Alexa pun menyusul dengan membawa tas berisi pakaian baru ke dalam kamarnya. Untuk pertama kali dalam hidupnya, lemari pakaian di kamar terlihat penuh. Banyak pakaian yang menumpuk dan menggantung. Sangat berbeda dengan pakaian yang Alexa miliki saat tinggal bersama bibinya dulu.
Setelah memasukkan pakaian barunya ke dalam keranjang pakaian kotor untuk dicuci, Alexa mengambil kotak obat dan berniat mengganti perban di tangan serta pahanya.
…
Keesokan paginya, mereka sarapan pizza yang dibeli semalam seperti yang sudah direncanakan. Setelahnya, Alexa mengumpulkan pakaian-pakaian kotor, untuk setelahnya diserahkan pada petugas laundry di hotel. Entah apa yang akan dia lakukan setelah ini, berhubung Alexa masih belum diizinkan mengerjakan hal-hal yang memberatkan.
Sementara itu, setelah sarapan, Skylar kembali ke kamar untuk mandi dan naik ke lantai tiga. Ada cukup banyak dokumen yang harus dia urus hari ini, karena nanti malam dia harus meluangkan waktu untuk menyelesaikan kepentingan yang tertunda.
Dua jam duduk di kursinya, Skylar mengambil telepon dan menghubungi lantai 51. Beruntung gadis itu sedang membaca buku di bawah, sehingga Skylar tak perlu menutup dan menghubungi lantai 52.
"Kau sedang apa?"
"Saya sedang baca buku. Apakah Tuan ada keperluan?"
"Tidak. Bagaimana keadaan lukamu? Masih basah?"

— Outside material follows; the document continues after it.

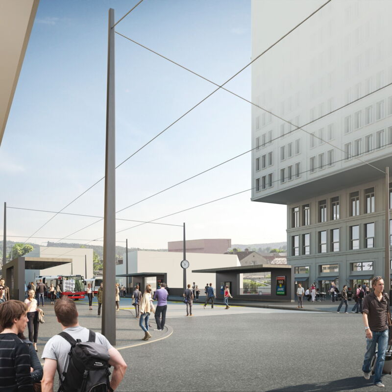 Auch wird der Knoten Talackerstrasse umgestaltet und eine Bushaltestelle in der Sulzerallee erstellt. Die Anordnung der Elemente wurde anhand von verkehrlichen und städtebaulichen Überlegungen optimiert.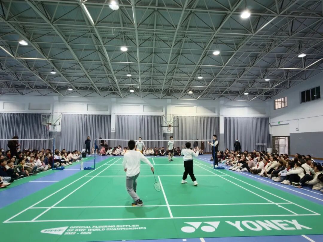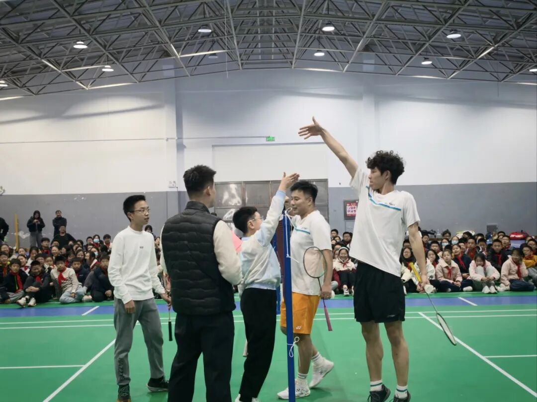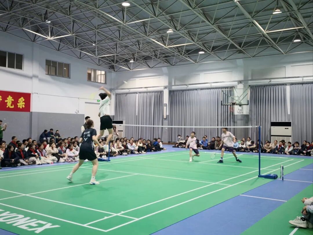 随后的表演赛环节,四位运动员联袂上演了一场精彩纷呈的趣味友谊赛。精准的扣杀、灵动的吊球、默契的配合,引得全场掌声与欢呼不断,也让同学们近距离感受到专业运动的魅力与激情。

Alexa mengerjap beberapa kali. Benar, setiap hari tuannya selalu bertanya mengenai lukanya. Sayangnya, pagi ini pemuda itu lupa bertanya. Jadi, apakah dia menelepon hanya untuk mengatakan ini?
"Sudah agak kering, tapi masih sedikit sakit," jawab Alexa jujur.
Tak peduli seberapa ingin dia kembali bekerja, Alexa tidak mau jika lukanya semakin parah dan menimbulkan bekas. Jangan-jangan, nanti tidak akan ada yang mau menikah dengannya jika melihat bekas luka bakar yang jelek pada kulitnya.
Ada gumam pelan sebelum penelepon di seberang membalas, "Kau pasti bosan. Kuizinkan kau jika ingin main game di lantai dua." Kemudian, telepon diputus tanpa Alexa sempat membalas.
Skylar cukup tahu jika Alexa pasti kebosanan karena tidak ada kegiatan yang bisa dilakukan. Lebih baik menyuruhnya bermain saja. Paling tidak, hal itu bisa membuat moodnya sedikit membaik untuk nanti malam.
Di sisi lain, setelah menutup telepon, Skylar kembali menekan tombol di sana, menghubungi dapur yang sedang tidak terlalu sibuk, karena jam sarapan sudah lama berlalu.
"Ah, Mr. Smith. Sampaikan pada kokimu kalau aku ingin mereka berkumpul di ruang rapat lantai 40 nanti malam setelah restoran tutup."